Die Anwendung von Kollagen in Form von Cremes, Seren und Masken soll dazu beitragen, die Anzeichen der Hautalterung zu reduzieren. So die Theorie, es gibt aber einen relativ großen Haken! Um es kurzzufassen: Die Wahrheit ist, dass Kollagenmoleküle einfach zu groß sind, um unter Ihre Epidermis (die äußerste Hautschicht) zu gelangen. Was bedeutet das in der Hautpflege?
Die Kollagencreme bleibt also einfach auf der Hautoberfläche. Sie spendet zwar Feuchtigkeit und verleiht vorübergehend den Anschein praller Haut, bietet aber keine tatsächlichen, langfristigen Anti-Aging-Vorteile. Da Kollagen nicht in die Dermis gelangt, werden Sie keine Verbesserungen der Hautelastizität durch eine erhöhte Kollagenproduktion erleben.
Da Kollagenmoleküle aufgrund ihrer Größe nicht in die Oberfläche Ihrer Haut eindringen können, dachte man sich: Lass sie in kleinere Stücke zu zerlegen! So waren die Peptide geboren. Mehrere Tierversuchsstudien legen nahe, dass ein kleiner Prozentsatz von Kollagenpeptiden mit einem niedrigen Molekulargewicht möglicherweise in die Epidermis eindringen kann.
Es gibt jedoch zwei wichtige Einschränkungen:
- Keine substantiellen Studien am Menschen unterstützen diese Ergebnisse
- Die erfolgreiche Aufnahme von Kollagenpeptiden in die Dermis scheint von der Biokompatibilität und Antigenität abzuhängen. Das heißt, von der Fähigkeit von Kollagenpeptiden, eine Immunreaktion hervorzurufen. Und die kann von Kollagencreme zu Kollagencreme und von Person zu Person unterschiedlich sein.

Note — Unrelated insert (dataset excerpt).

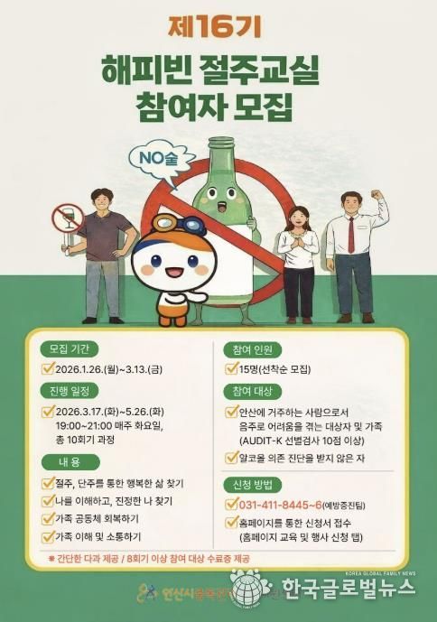 (한국글로벌뉴스 - 박소연 기자) 안산시 중독관리통합지원센터는 내달 13일까지 ‘제16기 해피빈 절주교실’ 참여자를 모집한다고 23일 밝혔다.

Welche Risiken und Kritikpunkte gibt es bei Kollagen?
Zwischenfazit: Obwohl Kollagen in der Hautpflege weit verbreitet ist, gibt es auch einige kritische Stimmen. Kollagenmoleküle sind womöglich zu groß, um in tiefere Hautschichten einzudringen, und dass die äußere Anwendung daher möglicherweise nicht die gewünschten Ergebnisse liefert.
Darüber hinaus gibt es Bedenken hinsichtlich der Herkunft von tierischem Kollagen, das häufig in Hautpflegeprodukten verwendet wird. Tierische Kollagenquellen wie Rinderknochen oder Fischhaut können ethische und ökologische Fragen aufwerfen, insbesondere für Menschen, die eine vegane oder tierfreundliche Lebensweise bevorzugen.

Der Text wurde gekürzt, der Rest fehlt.